Hold the Crown of thorns and put the robe over your shoulders
Have you ever taken part in bullying or teasing someone who was ‘different’?
Feel the thorns and ask for Christ’s forgiveness.
Have you ever been bullied?
Feel the fabric that clothes you with Christ, and pray forgiveness for your persecutors.
Station 12, Simon
Matthew 27.32 "As they went out, they came upon a man from Cyrene named Simon; they compelled this man to carry his cross."
Jesus says, “If any want to become my followers, let them deny themselves and take up their cross and follow me. For those who want to save their life will lose it, and those who lose their life for my sake will find it.”

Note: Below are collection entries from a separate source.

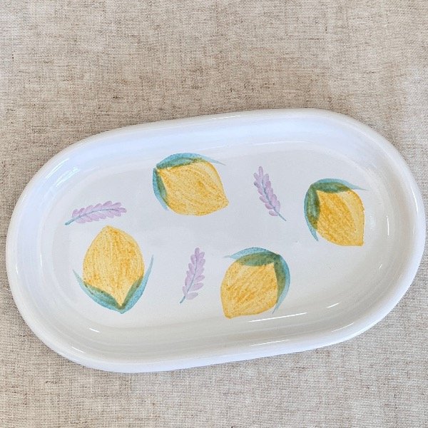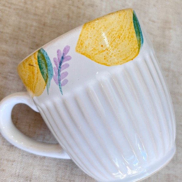 Cada pieza está modelada y pintada a mano, lo que garantiza que no existan dos iguales. Su diseño de limones vibrantes sobre el blanco natural de la cerámica aporta una calidez rústica y moderna a la vez.
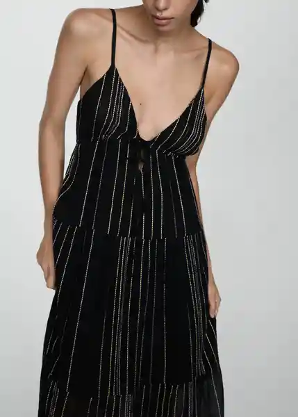 Costuras Decorativas, Diseño Evasé, Diseño Largo, Diseño Maxi, Escote Con Cierre de Lazo, Escote de Pico, la Modelo Mide 178 cm y Lleva Una S, Sin Cierre, Sin Mangas, Tejido Mezcla de Algodón, Tirantes Finos - 77010362_99.
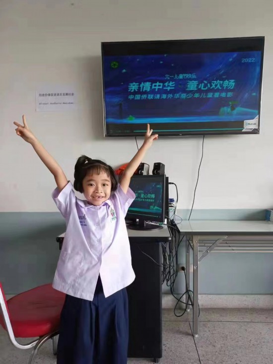 泰国DANGPAO(SINGSUKBURANA)学校邓筠舒:非常高兴能在云端参加中国侨联主办的“亲情中华·童心欢畅”六一观影活动。听到了侨联主席万爷爷的亲切讲话,收到了万爷爷带来的节日祝福与祖国的殷切厚望,我怀着雀跃无比的心情和爸爸妈妈一起看完了一部又一部精彩的儿童电影,从《我和我的父辈》到《小虎墩大英雄》《北京童谣》《恐龙日记》等,我深深感受到了华语的优美动听,中华文化的博大精深,童谣歌曲的魅力,一切都值得我们好好学习,努力传承。我在泰国一定会继续学好自己的母语。作为班长,我也会带着我的同学朋友们一起学习汉语,了解中国,以后有机会一起去游故宫爬长城!
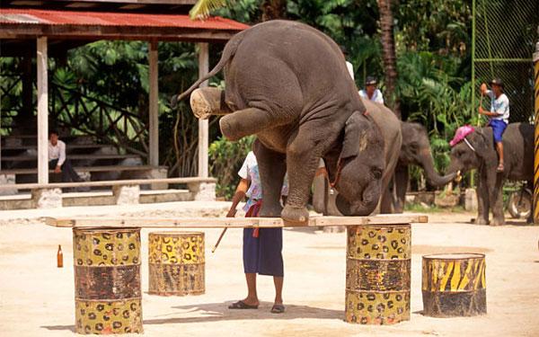 Sau khi được thuần hóa, voi sẽ bị bắt phải tập luyện diễn trò để thu hút du khách: từ việc cho cưỡi, tung hứng, đến quỳ lạy bên đường chúng cũng phải làm.
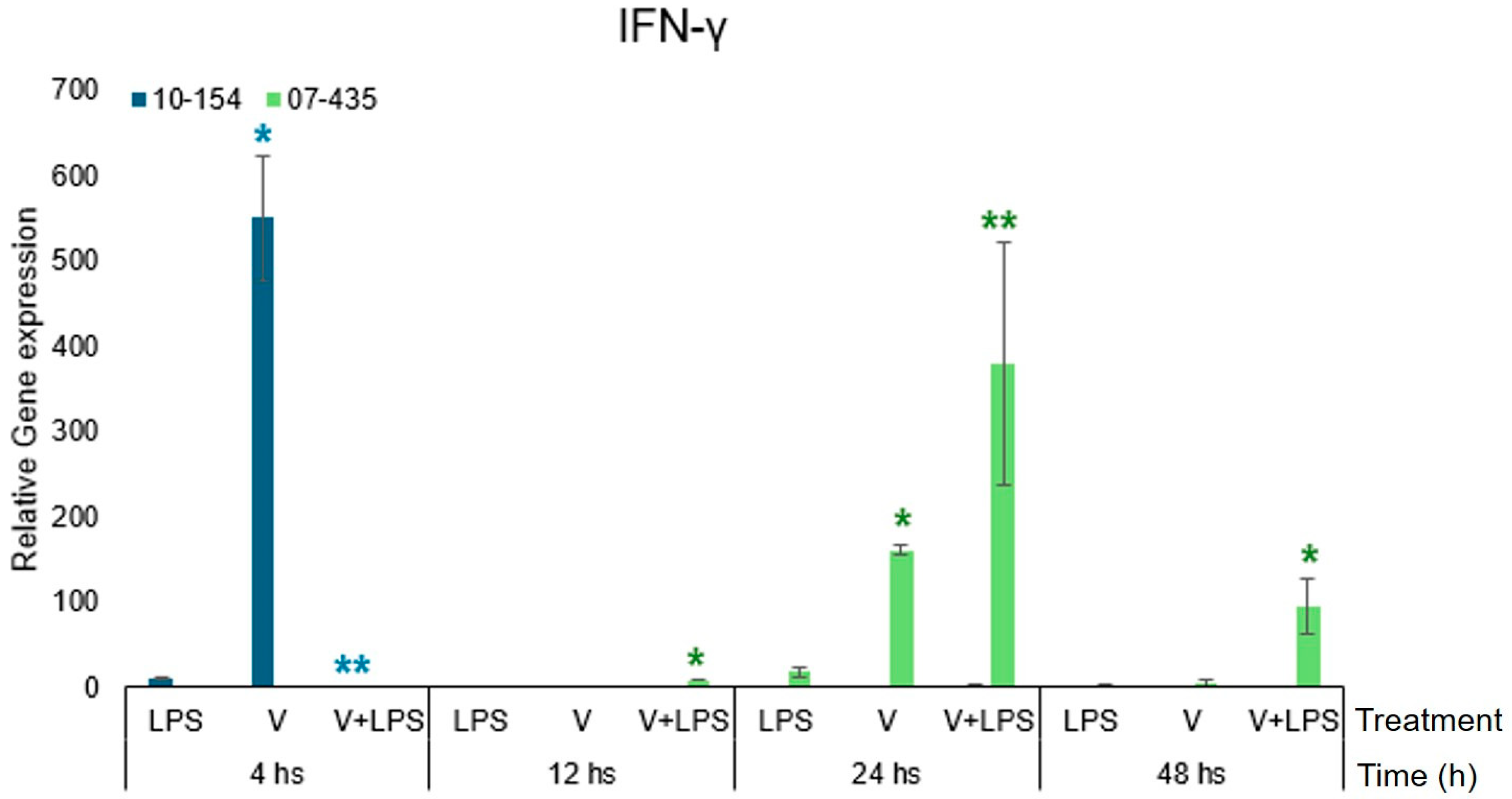 Strain 07-435 induced a delayed yet sustained transcriptional upregulation, which was further amplified by LPS and persisted up to 48 h. In contrast, strain 10-154 triggered an early and pronounced increase in IFN-γ transcript abundance at 4 h, followed by a rapid return to basal transcriptional levels.

“To walk the way of the cross with Christ is to give up my life for the sake of others. For Christ.
“Am I ready for that?”
Ask God for the faith to be ready, then walk around the corner…
Station 13, Crucifixion
This is the cross.
There are no tricks or techniques.
Here God bled and died. It was ugly and wrong. And it is Heaven on Earth.

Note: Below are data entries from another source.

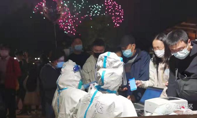 21时25分,迪士尼公园里开始第二场烟花秀表演,柯先生回身拍到了这张照片。此时大门外也有其他游客将这场烟花和防疫人员忙碌的人影记录下来,并被张文宏医生转发在微博中。
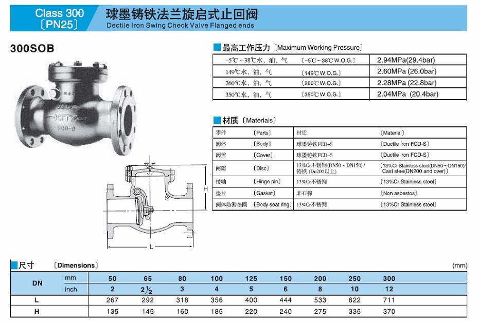 球墨鑄鐵法蘭旋啟式止回閥300SOB
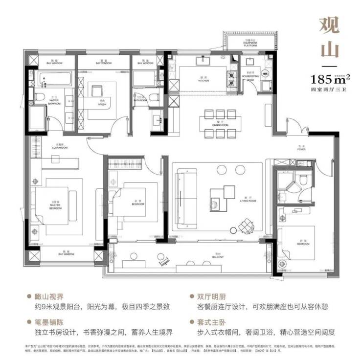 建面约185㎡的户型,整体是一个四房+三开间朝南的设计,大横厅、9米观景阳台、双套房、主卧的步入式衣帽间&浴缸这些改善的标志性元素一个没缺。

However you understand the sacrifice of Jesus, understand that it is God for us.
“What does God say to me here?”
If you are ready to be one with Christ, paint your name or initials on the Cross.
Station 13a, Witness
There are many witnesses to the work of God; some are marvellous – open tombs, earthquakes, and split rocks. Some are powerful and well-respected – a centurion. but most are ordinary, faithful followers, who give generously, and bear witness.
What is it I have seen of God’s work? To what do I bear witness?
There is only one way out of here; through the grave. We can go in alone or we can go in the company of our Lord.
Go in grace….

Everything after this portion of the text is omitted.